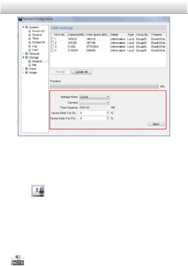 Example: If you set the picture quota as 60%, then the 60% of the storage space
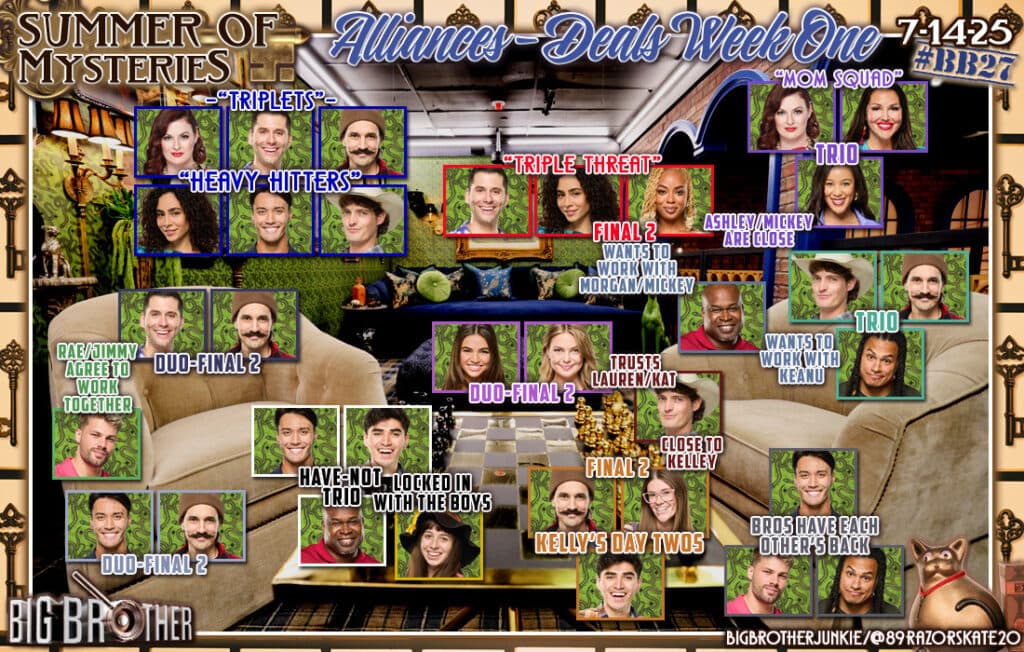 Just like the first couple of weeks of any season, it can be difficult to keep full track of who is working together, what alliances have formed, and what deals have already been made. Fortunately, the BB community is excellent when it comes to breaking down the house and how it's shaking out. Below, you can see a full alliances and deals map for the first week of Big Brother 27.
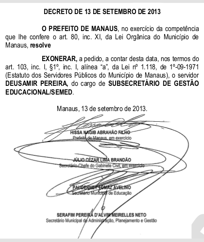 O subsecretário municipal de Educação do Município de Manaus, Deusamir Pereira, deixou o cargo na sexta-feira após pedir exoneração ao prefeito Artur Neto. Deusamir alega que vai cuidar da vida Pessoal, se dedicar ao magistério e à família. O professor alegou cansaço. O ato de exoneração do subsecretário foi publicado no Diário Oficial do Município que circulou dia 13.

○ ○ ○

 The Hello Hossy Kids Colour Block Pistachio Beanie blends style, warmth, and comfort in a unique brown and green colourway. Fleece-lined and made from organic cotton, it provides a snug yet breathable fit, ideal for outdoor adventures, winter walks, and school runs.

○ ○ ○

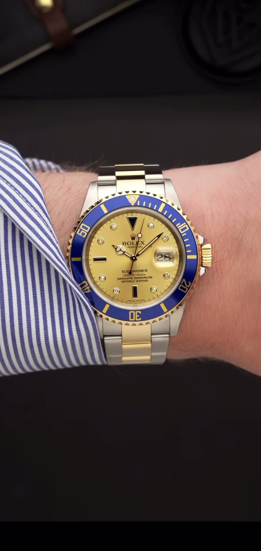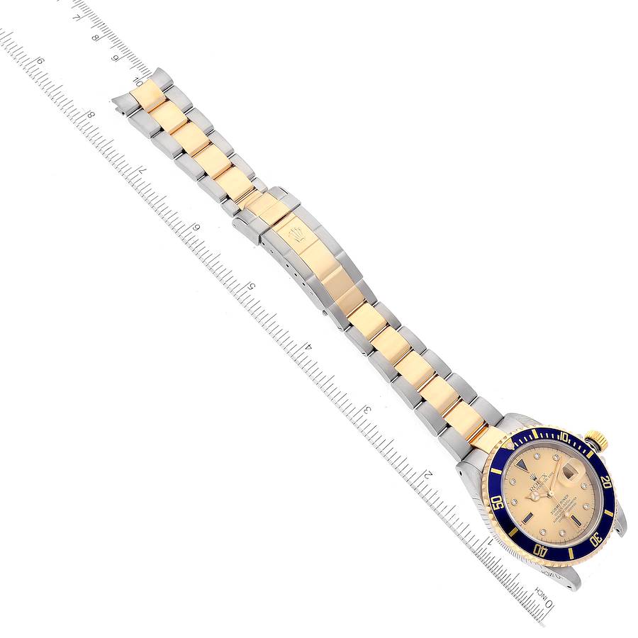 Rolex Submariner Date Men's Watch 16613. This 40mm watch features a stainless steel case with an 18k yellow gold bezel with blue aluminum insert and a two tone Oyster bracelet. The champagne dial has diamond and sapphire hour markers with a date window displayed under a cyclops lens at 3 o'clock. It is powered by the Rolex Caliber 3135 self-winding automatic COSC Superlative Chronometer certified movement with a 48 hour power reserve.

○ ○ ○

Everything from the line with "Just like the" down to the line with "O subsecretário municipal" in the data above should be copied exactly, with both end lines kept and the pictures left out.

= Solution to the problem =
 Just like the first couple of weeks of any season, it can be difficult to keep full track of who is working together, what alliances have formed, and what deals have already been made. Fortunately, the BB community is excellent when it comes to breaking down the house and how it's shaking out. Below, you can see a full alliances and deals map for the first week of Big Brother 27.
 O subsecretário municipal de Educação do Município de Manaus, Deusamir Pereira, deixou o cargo na sexta-feira após pedir exoneração ao prefeito Artur Neto. Deusamir alega que vai cuidar da vida Pessoal, se dedicar ao magistério e à família. O professor alegou cansaço. O ato de exoneração do subsecretário foi publicado no Diário Oficial do Município que circulou dia 13.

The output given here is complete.